I’m reading a book right now that I’d heard of multiple times before but never got to it till now. It’s called The Coddling of the American Mind and its main premise is about how an over-protective parenting system has rendered young adults both way too fragile and also super prone to closed minds of outrage and anger. That’s an oversimplication of course, and I’ll be talking more about this book I’m sure once I finish it, but I do see this quite a bit in my continued work in higher ed. There’s an aversion to work that’s kind of alarming: it’s the equation of anything vaguely uncomfortable to actual personal insult or even danger, that I cannot understand.
Of course there’s tons of other more qualified writings on the anti-intellectual trends of today, and I am not one to suffer from Dunning-Kruger myself, so I will direct you into more [DO YOUR OWN RESEARCH] works done by actual experts in things like sociology, political science, and history for more. As I’ve mentioned before in other unhinged essays of mine, I come to these topics from a humanities expertise, which is cool in that I do get a taste of all those things with the addition of the impact of arts onto all these cultural upheavals, which is indeed important. But other experts have more in-depth thoughts from other (arguably more direct) directions, so. Where to begin? Probably Hofstader, and then Asimov. And then get depressed about how long ago this problem was worrying some of our smarter people, and look around you, and… ugh. Come here.
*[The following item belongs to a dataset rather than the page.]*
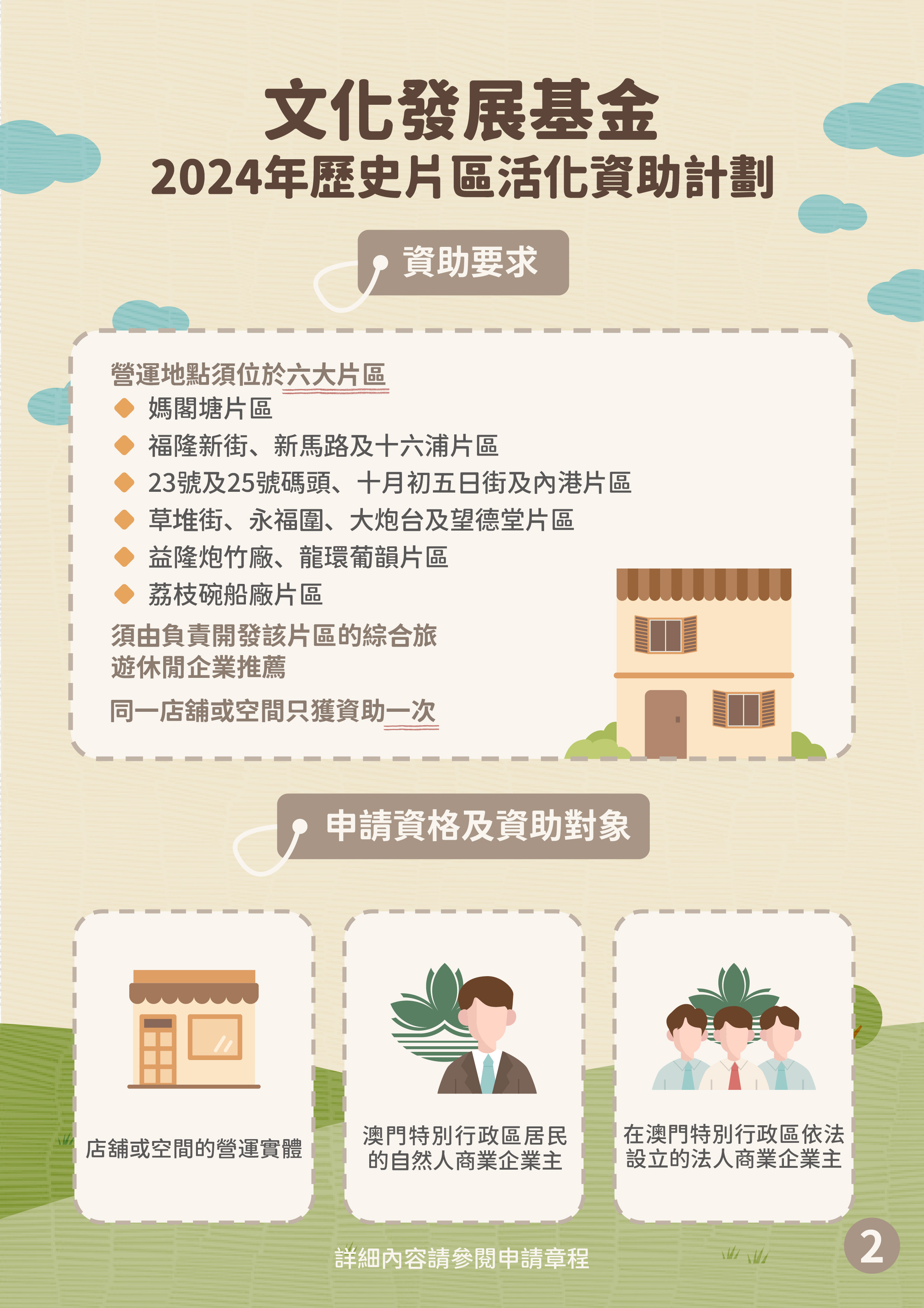申請人須為在澳門依法設立的自然人商業企業主或法人商業企業主,且為店舖或空間的營運實體。申請項目的營運地點須位於六大片區,並獲得負責開發該片區的綜合旅遊休閒企業的推薦,同一店舖或空間只可就本資助計劃獲得一次資助。

Let me buy you a drink.
This is a really fascinating video essay about the popular mockumentary maven, Philomena Crunk, and the rise (yet again) of anti-intellectualism, and how this character feeds into this idea of: educated = elitist. This might actually be a good springboard onto this topic, if it interests you.
What’s my conclusion to all this ranting? Anti-intellectualism is dangerous, and I fear it’s too late.
~Now that I’ve finished (?) this interesting wandering, I find a handful at least of topics that I now want to spend an entire essay on, each. Shall I?